Doris Fuller was born in Stockton, California in 1922. She married Frank Fuller in 1945 and they both went on to receive degrees in Geography and become teachers in the early 1960s. In 1967, they moved to Sechelt, B.C., where Doris became president of the Sechelt Teachers' Association. In 1980, Frank developed a curriculum on the Sechelt Indian cultural heritage. The fonds consists of correspondence, subject files, and photograph albums that pertain to the Fullers' professional careers, labour activities, and personal lives. The fonds also contains materials which reflect the activities of the Labour History Provincial Specialist Association of the BCTF, the Sechelt Indian Curriculum Project, and a film entitled For Twenty Cents a Day.

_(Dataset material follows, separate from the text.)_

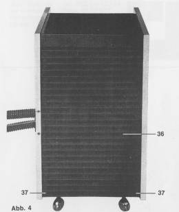 Das Gehäuse (6) besteht seitlich aus Holzplatten, die beiderseits mit Resopal verkleidet sind. Vorn und hinten ist das Gehäuse durch Profilbleche (36) abgeschlossen, die eine gute Luftzirkulation sicherstellen. Das Innere ist als Rahmenkonstruktion ausgeführt. Im Gehäuse (6) lassen sich die zwei Einschubeinheiten, Kühlaggregat für Objektkühlung oben und Kühlaggregat für Messerkühlung unten, leicht und getrennt voneinander ein- und ausbauen, siehe hierzu Abs. 8 der Gebrauchsanweisung.
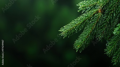 A tight shot of a pine branch, adorned with verdant foliage, against a softly blurred backdrop

The Georgia Straight was founded in Vancouver, B.C. in 1967 as an underground press to explore issues not examined in mainstream newspapers, such as sexual freedom, police brutality, and the youth culture of the 1960s and early 1970s. The newspaper ceased publication in 1979 but was revived in 1981 in a different format. The fonds consists of photographs and negatives from the Georgia Straight newspaper photograph files, depicting demonstrations, conflicts, picnics, concerts, musicians, celebrities, and other events and individuals between 1960 and 1979. 


Gilean Douglas was born in 1900 to a wealthy and socially prominent Toronto family. Orphaned at the age of 16, she began to turn away from her inherited lifestyle and the expectations of the class she was born into. She married in 1922, her husband assumed her last name, and then they set off on an adventurous automobile trip through the United States, which she recorded in a journal and photographs. The rest of the 1920s and the 1930s held two more marriages, much travel, and continued work as a photojournalist. During this time, Douglas also began to build a reputation as a poet. All in all, her writing career spanned much of the twentieth century. Her first poem was published when she was seven and, as a child, she was a regular contributor to the children's page of the Toronto News. In her late teens, she worked as a newspaper reporter, editor of the children's page, and a publicity writer. From 1961 to 1992, she wrote a regular column called “Nature Rambles” for the Victoria Colonist.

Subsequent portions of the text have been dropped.